Chapter 3 Exam 2

Cards (35)

  • Assimilation: incorporation of new information into schemes, gives meaning to content
  • Accommodation: adjustment, change, modification of existing scheme
  • Scheme: general psychological structure
  • Sensorimotor stage:
    • here and now
    • differentiation and coordination of action schemes
    • practical intelligence
    • development of object permanence
  • Language: the principal method of human communication, consisting of words used in a structured and conventional way and conveyed by speech, writing, or gesture
  • Characteristics of human language:
    • Arbitrariness
    • Productivity (infinite generativity)
    • Semanticity
    • Displacement
    • Rule governed
  • Phonology: level on which a language's sound system is described
    • studies the rules for combining sounds to make words, and the use of stress and intonation in spoken sentence
  • Phoneme: smallest unit of sound which signal a difference in meaning
  • Syntax: acceptable ways of combining words to form phrases and sentences
    • in any system of syntax, individual words belong to a particular form class (noun, verb, adjective)
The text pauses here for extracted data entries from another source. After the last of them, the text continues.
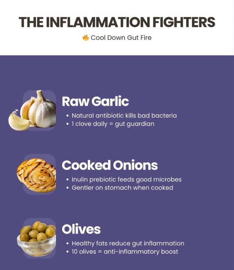 7. THE INFLAMMATION FIGHTERS Calm the gut fire before it spreads. → Raw Garlic: nature’s antibiotic → Cooked Onions: gentler, prebiotic-rich → Olives: 10 a day = inflammation shield Eat to soothe, not to spark.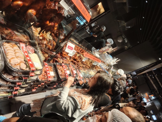 烘焙熟食區(qū)充滿了煙火氣。烘焙區(qū)的‘半斤榴蓮肉榴蓮千層’很受歡迎,50%的爆漿榴蓮肉搭配輕盈奶油和柔韌千層,一口下去能吃到半勺果肉,纖維感十足。熟食區(qū)有北京烤鴨、雙匯甜腸等美食,招牌豬蹄經(jīng)過(guò)鹵煮醬制,外皮Q彈軟糯,肉質(zhì)入味不柴,熱吃鮮嫩多汁,涼吃筋道有嚼勁,價(jià)格實(shí)惠,能滿足人們的口腹之欲。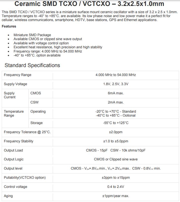 Frequency Stability | ±1.0 to ±5.0ppm | |
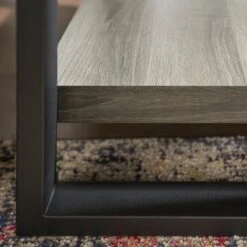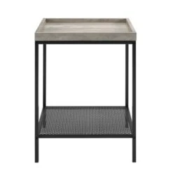 Rosalyn Urban Industrial Glam Square Tray Side Table With Metal Mesh Shelf Gray Wash – Saracina Home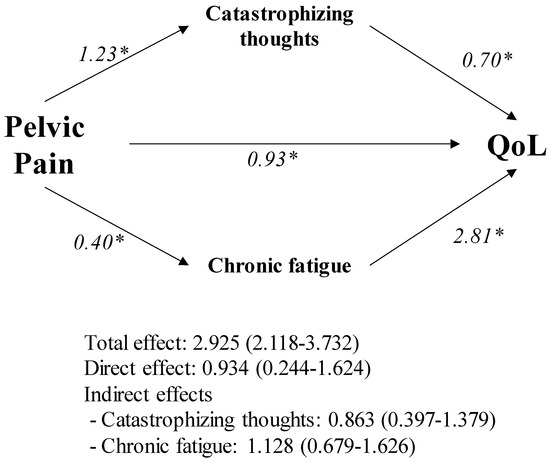 Mediating effect of chronic fatigue and catastrophizing thoughts on the association between pelvic pain and quality of life (QoL) in Spanish women with endometriosis. * Mediating effects were considered significant when zero was not located within the confidence intervals. Analyses were conducted with the macro PROCESS for SPSS.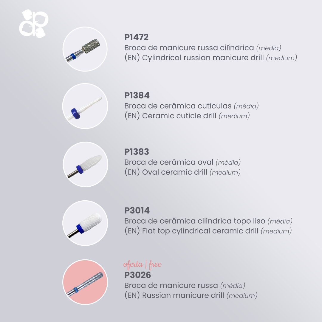 Home Unhas — Ponteiras de Broca Kit 2 Ponteiras Purple -5% Kit 2 Ponteiras Purple 1 unidades em stock | SKU: B6069 45,09 € 47,46 € Desconto de 5%. IVA incluído. Desconto do dia do Pai Desconto imediato de 2,37 € (5%) neste produto. Válido de 16 de Março de 2026 às 00:00 até 23 de Março de 2026 às 00:00. Compre este produto e ganhe 225 Pontos! Comprar Contactar Adicionar à wishlist NOVO KIT DRILLS 2 Composto por: -P1472 Broca Manicure Russa cilíndrica-P1384 Broca cerâmica cutículas-P1383 Broca cerâmica oval-P3014 Broca cerâmica cilíndrica topo liso𝗢𝗙𝗘𝗥𝗧𝗔 P3026 Broca manicure russa Mais Brocas Purple aqui: https://www.beleza37.pt/category/purple-purple-brocas Marca Purple Professional Características Partilhar
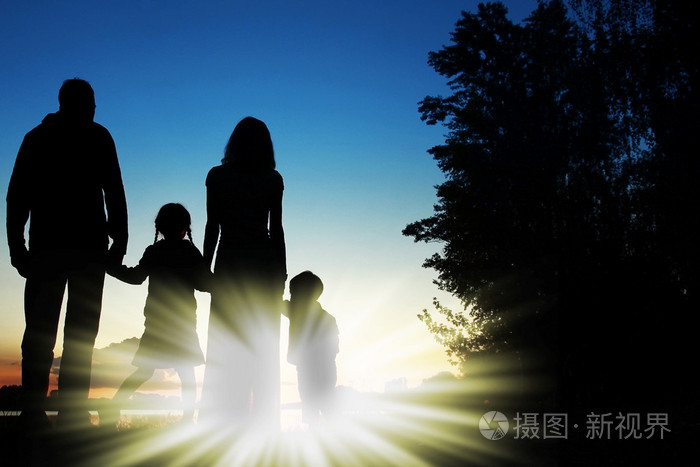 父亲和女儿在夕阳下的剪影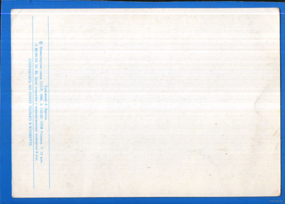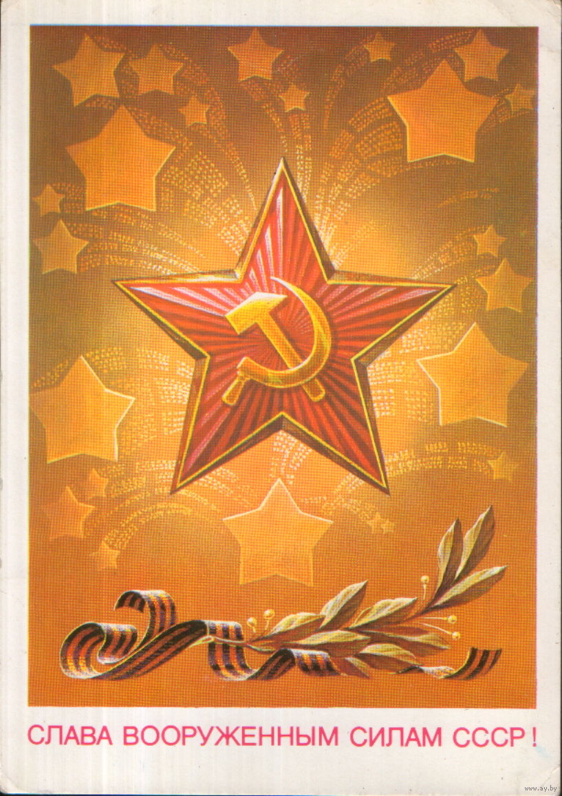 Чистая открытка 1986г. "23 Февраля. Слава Вооруженным Силам СССР" худ. А. Бурлов

    • syntax rules govern how phrases are formed
    • morphology + syntax = grammar
  • Morphology: the rules for combining morphemes to form words or to modify word meanings
    • Morpheme: smallest unit that carry meaning
    • Grammatical morpheme: specific morphemes that carry little meaning but that change the meaning of words and sentences in a systematic way
  • Grammar: admissable combinations and constructions in language
  • Semantics: the meaning of words and sentences
    Pragmatics: rules that dictate the way language is used to accomplish social ends
  • Main theories of language learning:
    1. Behaviourism
    2. Nativism
    3. Interactivist view
  • Behaviorism:
    • language is learned according to the same laws as all other types of behaviors (imitations, association, shaping)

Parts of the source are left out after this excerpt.